Kelly Kryczka

Personal information
- Full name: Kelly Marie Kryczka
- Nationality: Canada
- Born: July 8, 1961 (age 65) Calgary, Alberta, Canada
- Height: 1.68 m (5 ft 6 in)
- Weight: 55 kg (121 lb)

Sport
- Sport: Swimming
- Strokes: Synchronized swimming
- Club: Calgary Aquabelles
- Coach: Debbie Muir

Medal record
Synchronized swimming
Representing Canada
Olympic Games
| Silver medal – second place | 1984 Los Angeles | Duet |
World Aquatics Championships
| Gold medal – first place | 1982 Guayaquil | Team |
| Gold medal – first place | 1982 Guayaquil | Duet |
| Silver medal – second place | 1982 Guayaquil | Solo |
Pan American Games
| Gold medal – first place | 1979 San Juan | Duet |

= Kelly Kryczka =

Canadian synchronized swimmer

Kelly Kryczka (born July 8, 1961) is a Canadian competitor in synchronized swimming, world champion and Olympic medalist.

==Career==
Kelly Kryczka began synchronized swimming at the Calgary Glencoe Club and then moved on to train with the Calgary Aquabelles. She and Helen Vanderburg earned gold in duet at the 1979 Canadian Aquatic Championships, a gold medal in duet at the 1979 Pan American Games in San Juan, and gold at the Federation Internationale De Natation Amateur Cup in 1979. Kryczka won the solo and duet events at the Canadian Aquatic Championships in 1980.

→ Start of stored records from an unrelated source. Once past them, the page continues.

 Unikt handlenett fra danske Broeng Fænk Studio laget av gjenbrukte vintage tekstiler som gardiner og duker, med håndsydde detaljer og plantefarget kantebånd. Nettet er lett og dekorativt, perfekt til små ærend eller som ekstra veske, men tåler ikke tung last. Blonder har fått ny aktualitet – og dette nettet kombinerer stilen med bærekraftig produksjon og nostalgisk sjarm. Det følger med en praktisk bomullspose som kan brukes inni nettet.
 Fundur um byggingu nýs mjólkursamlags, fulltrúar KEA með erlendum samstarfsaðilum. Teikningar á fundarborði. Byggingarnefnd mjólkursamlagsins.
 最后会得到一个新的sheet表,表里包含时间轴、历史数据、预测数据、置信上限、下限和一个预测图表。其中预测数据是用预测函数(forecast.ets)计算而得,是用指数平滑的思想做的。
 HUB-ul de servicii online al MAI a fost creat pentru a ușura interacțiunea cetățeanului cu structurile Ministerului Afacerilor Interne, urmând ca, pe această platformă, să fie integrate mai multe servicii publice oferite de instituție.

After Helen Vanderburg retired in 1979 Kryczka paired with Sharon Hambrook. They received a gold medal in duet at the 1982 World Aquatics Championships in Guayaquil, where Kryczka also received a silver medal in solo and a gold medal in the team event.

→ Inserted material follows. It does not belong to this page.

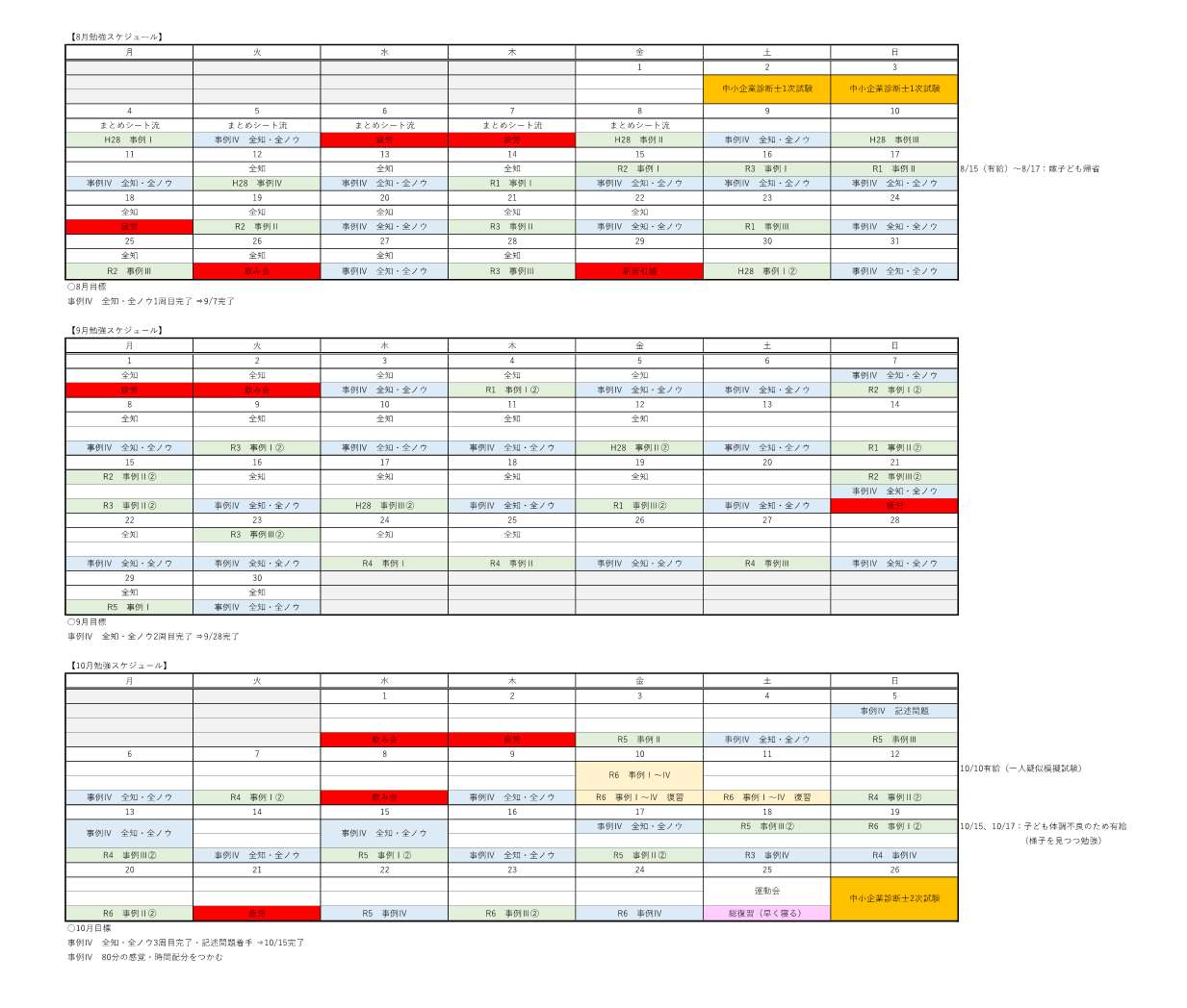 【8月~10月勉強計画(実績)】
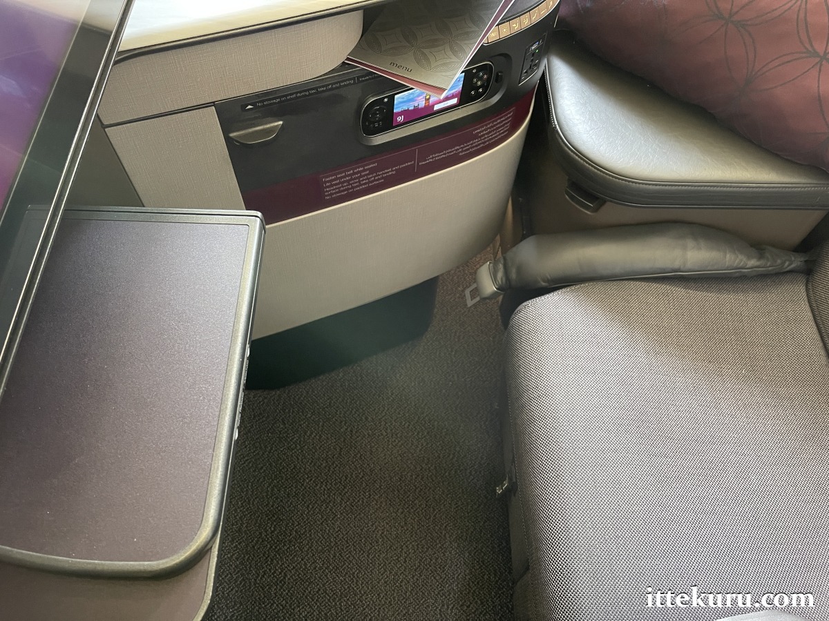 As for my forward-facing Qsuite (number 9J), the seat was installed closer to the aisle whilst the side table and ottoman were against the windows.

Kryczka won a silver medal in the women's duet with Sharon Hambrook at the 1984 Summer Olympics in Los Angeles, the first year that the sport was recognized by the Olympics.

==Honours==
Kelly Kryczka was inducted into the Canadian Olympic Hall of Fame in 1996, and the Alberta Sports Hall of Fame in 1980.

==Family==
Kryczka is the daughter of Alberta politician Karen Kryczka, and the niece of Joe Kryczka.